This article - https://doi.org/10.1016/0370-2693(88)91216-6 - states that for a $3 \times 3$ unitary matrix $A$, we have $|A_{33}| = |(A_{11}A_{22}-A_{12} A_{21})|$, where $A_{ij}$ stands for the element in row $i$ and column $j$ of matrix $A$ and |.| stands for the modulus.
Why is this true?
I tried expanding the square of the right-hand side of the equality but I got a term with $\Re(A_{11}A_{22}A_{12}^*A_{21}^*)$ that I don't think can easily be related to $|A_{33}|$ so this may not be the correct procedure.
Note the formula $A^{-1} = \frac{\mathrm{adj}(A)}{\det(A)}$, where $\mathrm{adj}(A)$ is the adjugate matrix of $A$. Then, $$\begin{pmatrix}* &* &* \\ * &* &* \\ * &* & \overline{A_{33}}\end{pmatrix} = A^* = A^{-1} = \frac{1}{\det{A}}\begin{pmatrix}* &* &* \\ * &* &* \\ * &* &(A_{11}A_{22}-A_{12}A_{21}) \end{pmatrix},$$ where $*$ represents some matrix entries we don't care about.
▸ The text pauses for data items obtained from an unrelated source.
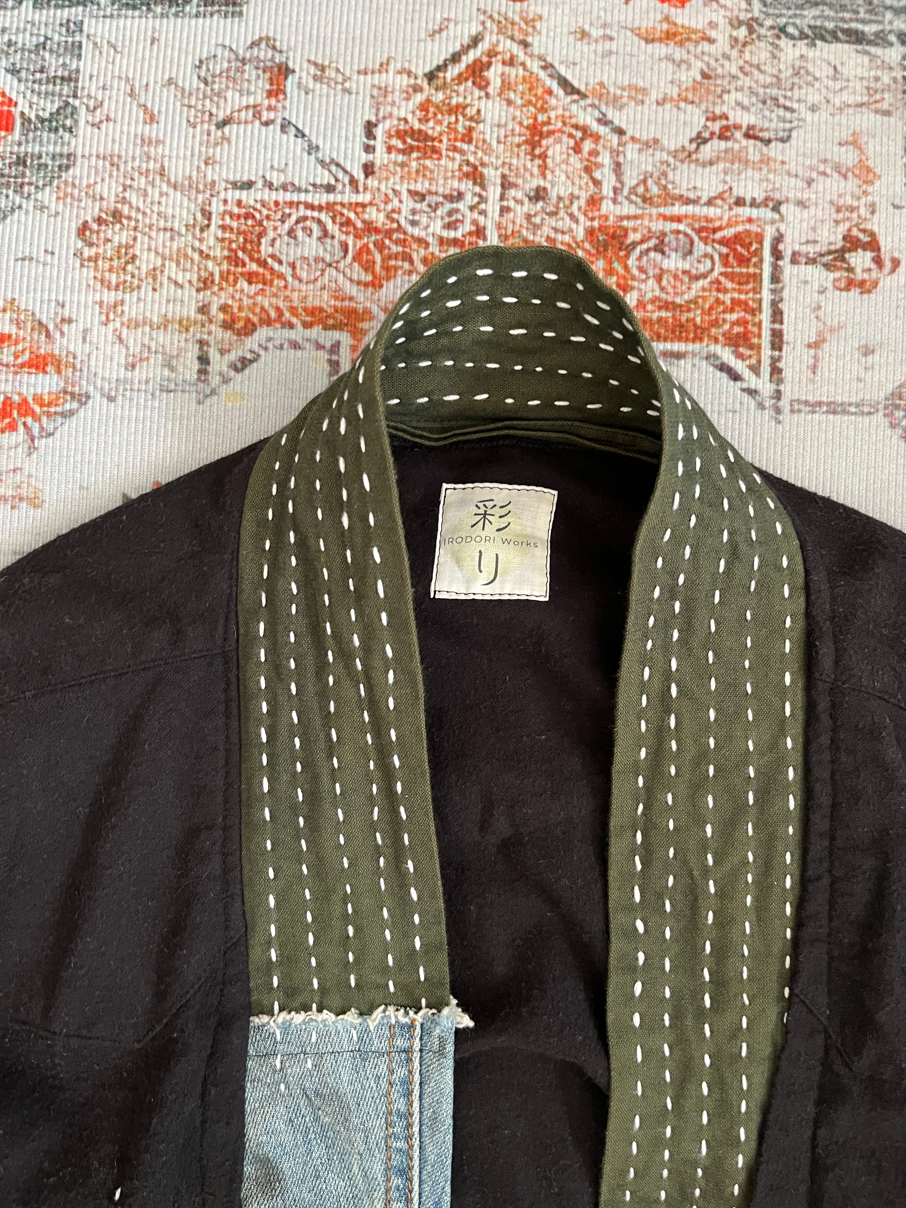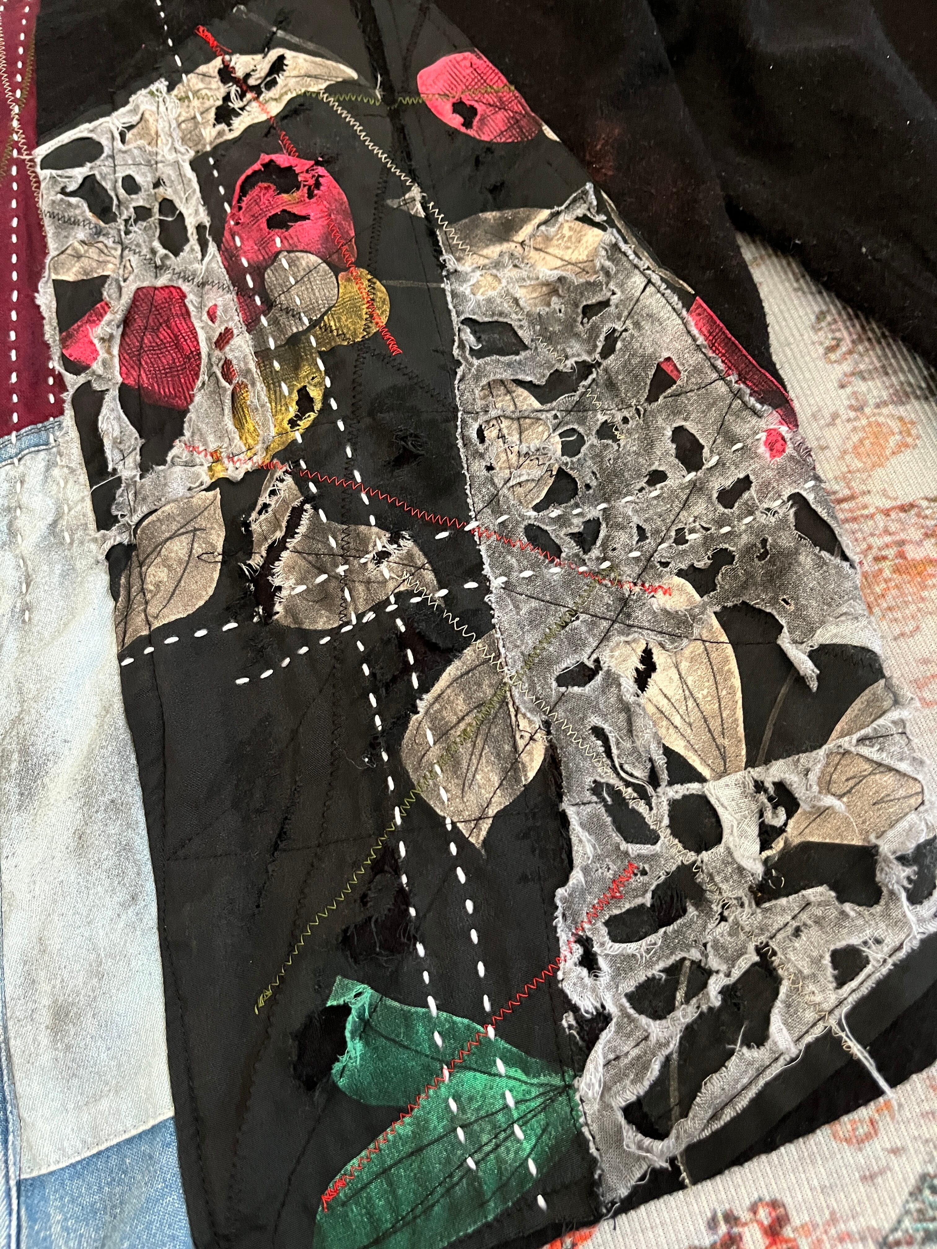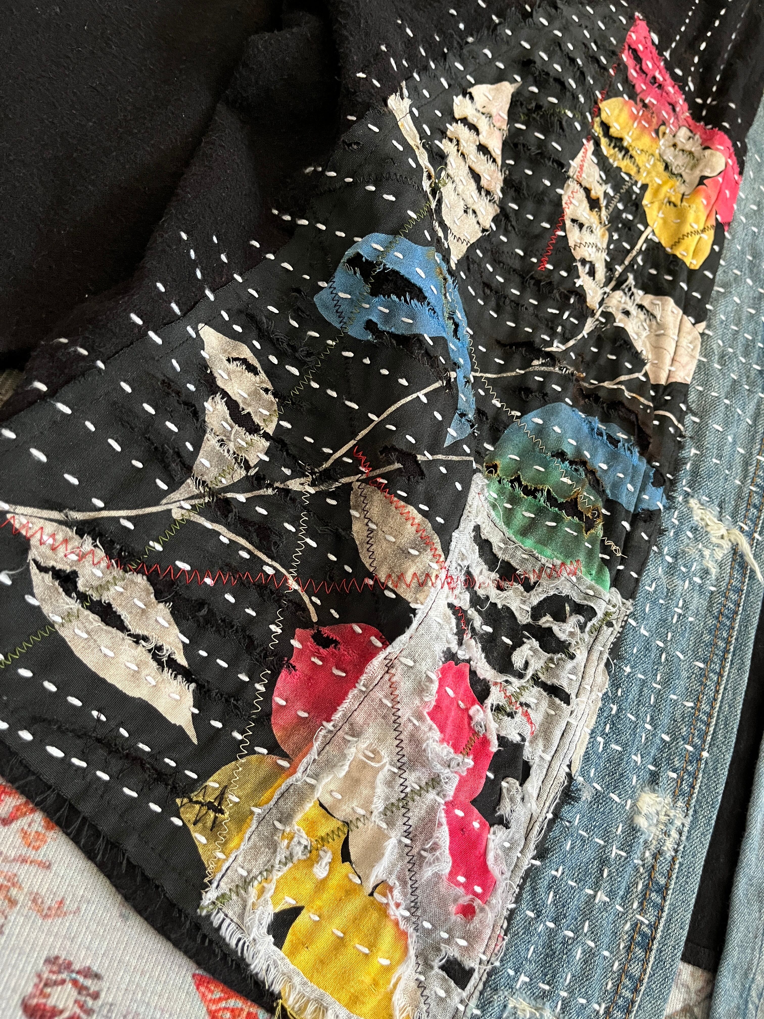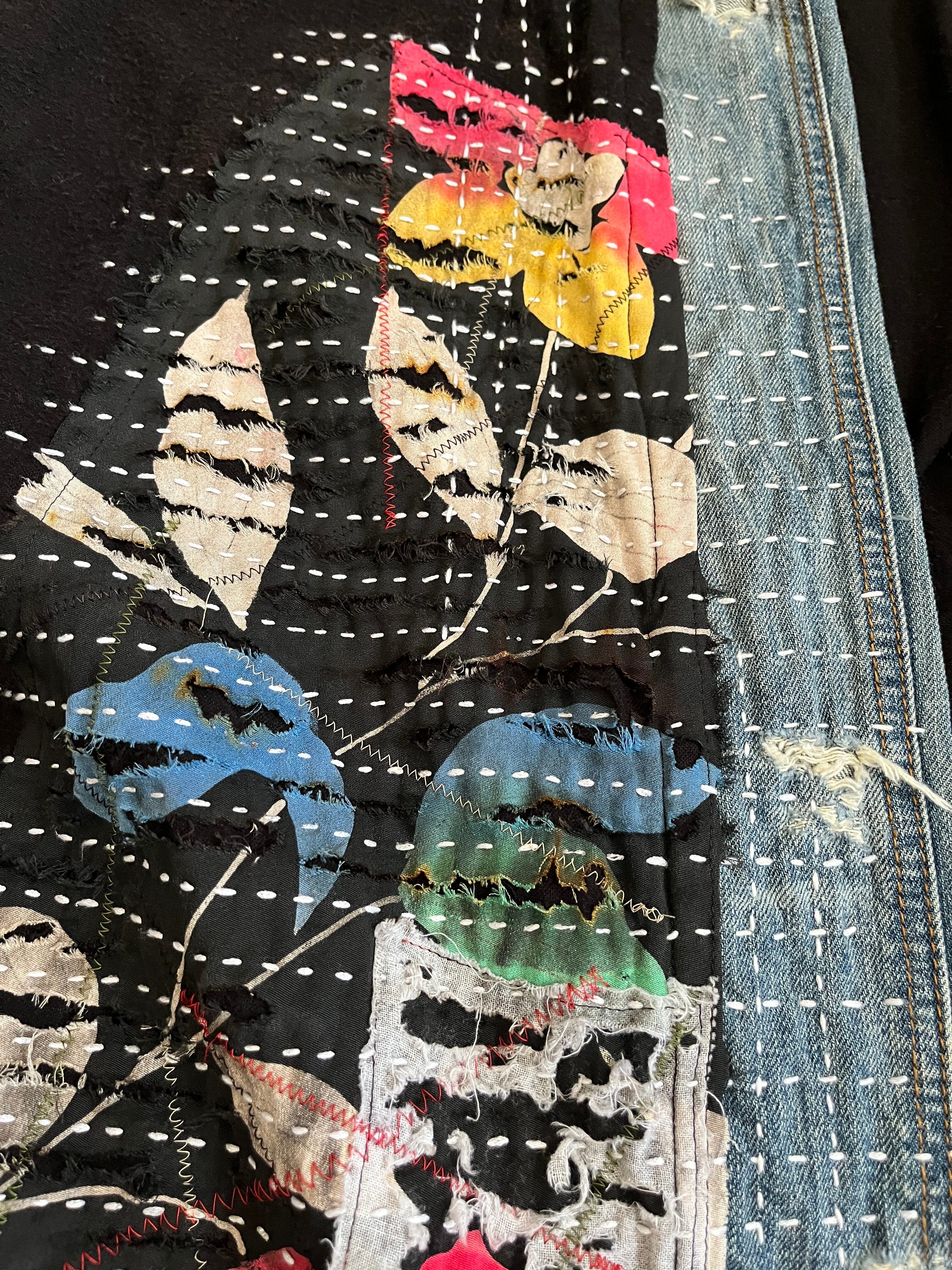 ブラックのコットン生地をベースに、様々な素材を大胆にパッチワークし、手縫いの刺し子ステッチを施しています。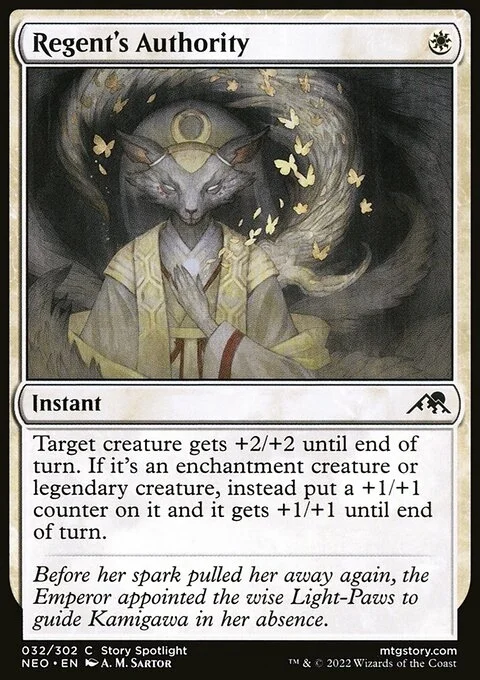 Target creature gets +2/+2 until end of turn. If it's an enchantment creature or legendary creature, instead put a +1/+1 counter on it and it gets +1/+1 until end of turn.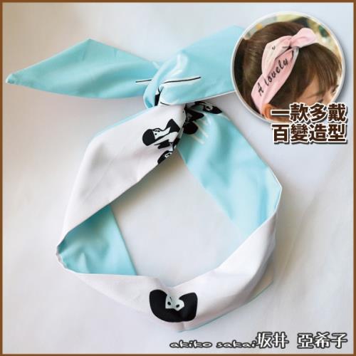 『坂井.亞希子』甜美女孩緞面一款多戴造型髮帶 -藍粉女孩款
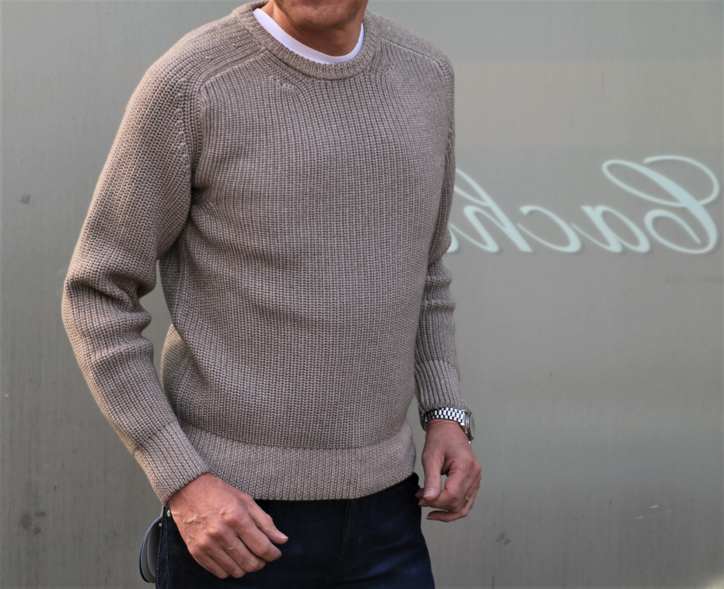モノトーンもいいけど、そろそろ色を。そんな気持ちがバイイングに表れております。とは言え、グレイには注目です。ブラック程、きつい色調ではなく、他の色とも馴染みやすいニュートラルカラー。特に多くは持たず、長く付き合っていきたいコートなどは、グレイが最適。フォーマルシーンは別として、オンオフ問わずに着ることができます。そんなグレイのコート(TITO ALLEGRETTO)が本日の...いや、インに合わせている【Drumohr/ドルモア】のニットのご案内です。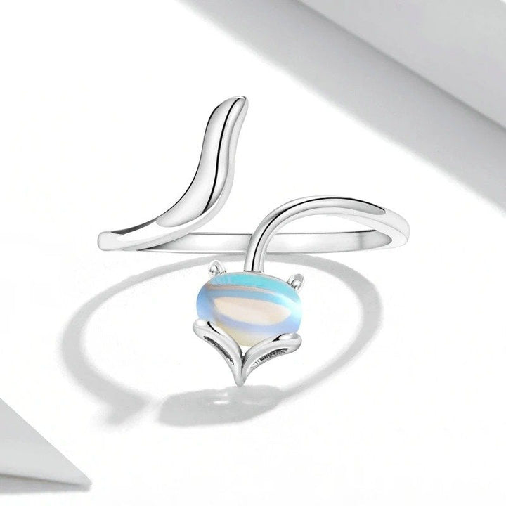 ? [Description] This fox-shaped ring is unique. Use moonstone to create the fox's head, and use the metal lines to outline the fox's tail.
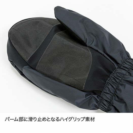 アウターグローブの上から装着可能なサイズで仕上げ、パーム部に滑り止めのハイグリップ素材を採用。雪上での操作性がよく、高い保温力を備えながら、濡れによる保温力の低下を軽減します。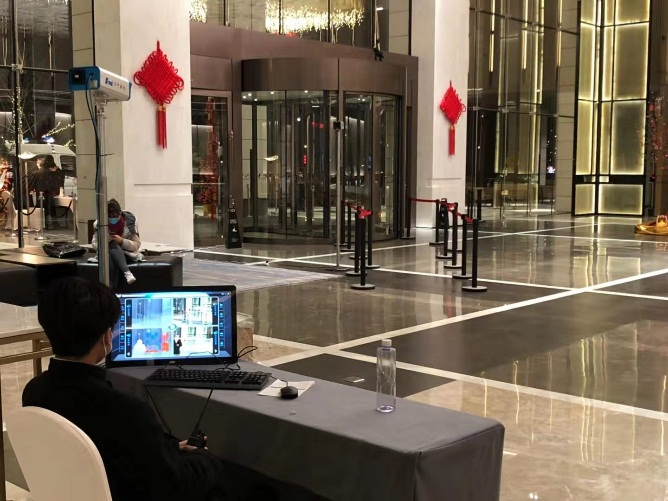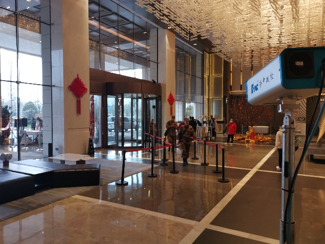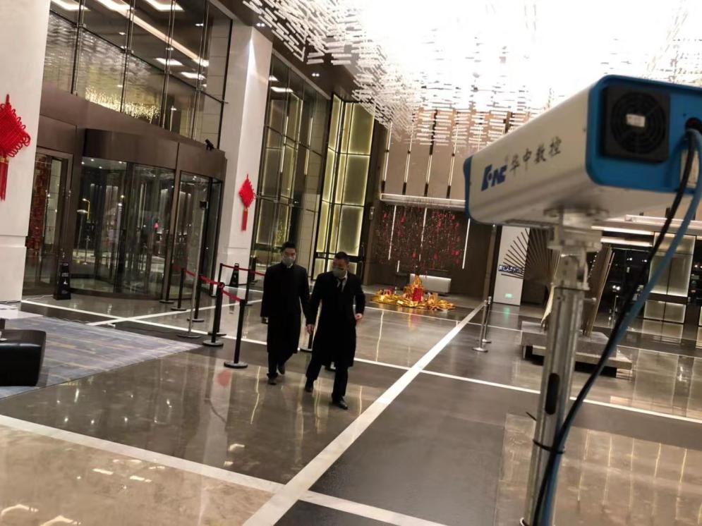1月26日,正月初二,上午,華中數控紅外事業部宋天教等同事,緊急趕赴卓爾萬豪酒店現場,在酒店大堂專設體溫檢測處迅速安裝華中數控“紅外熱成像智能體溫檢測系統”,馬上投入設備安裝調試、培訓操作方法等工作,通過對援漢醫療團隊成員的體溫監測,嚴格檢查健康狀況,確保醫療團隊的生命安全,為援漢醫療團隊筑起生命健康“第一道防線”。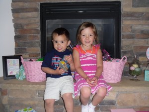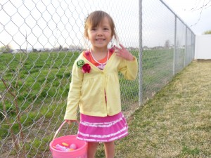 We did the majority of our celebrating on Saturday. We decided that at our house the Easter Bunny comes on Saturday so it leaves Sunday open to celebrating the real meaning of Easter, which is the Resurrection of our Savior, Jesus Christ. Before we put the kids to bed, our scripture story was about Christ’s resurrection. Before we started to read, I asked Vanessa what Jesus did for us. She promptly replied, “He died for us because he loves us!” That was a proud parent moment! She said it perfectly! It was a great start to the spiritual day that was to come!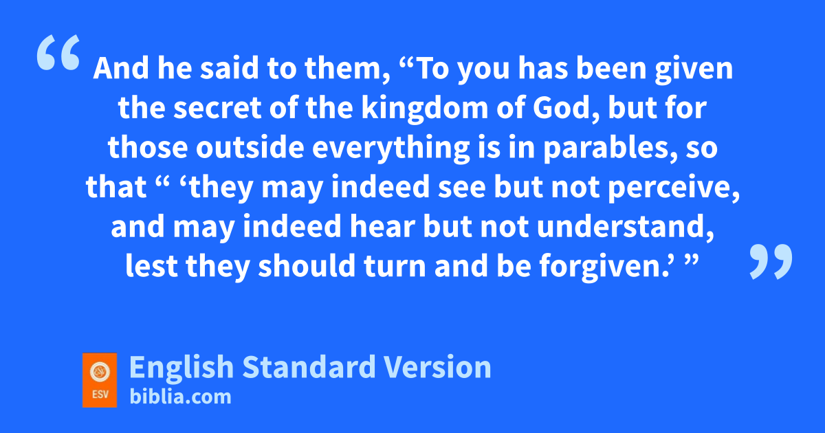 10 And ewhen he was alone, those around him with the twelve asked him about the parables. 11 And he said to them, f“To you has been given gthe secret of the kingdom of God, but for hthose outside everything is in parables, 12 iso that

Comparing the bottom right corners, we get $\overline{A_{33}} = \frac{A_{11}A_{22}-A_{12}A_{21}}{\det(A)}$. Taking the magnitude of both sides gives $|A_{33}| = \frac{|A_{11}A_{22}-A_{12}A_{21}|}{|\det(A)|}$, but $1=\det(AA^*)=|\det(A)|^2$, so this simplifies to the desired result.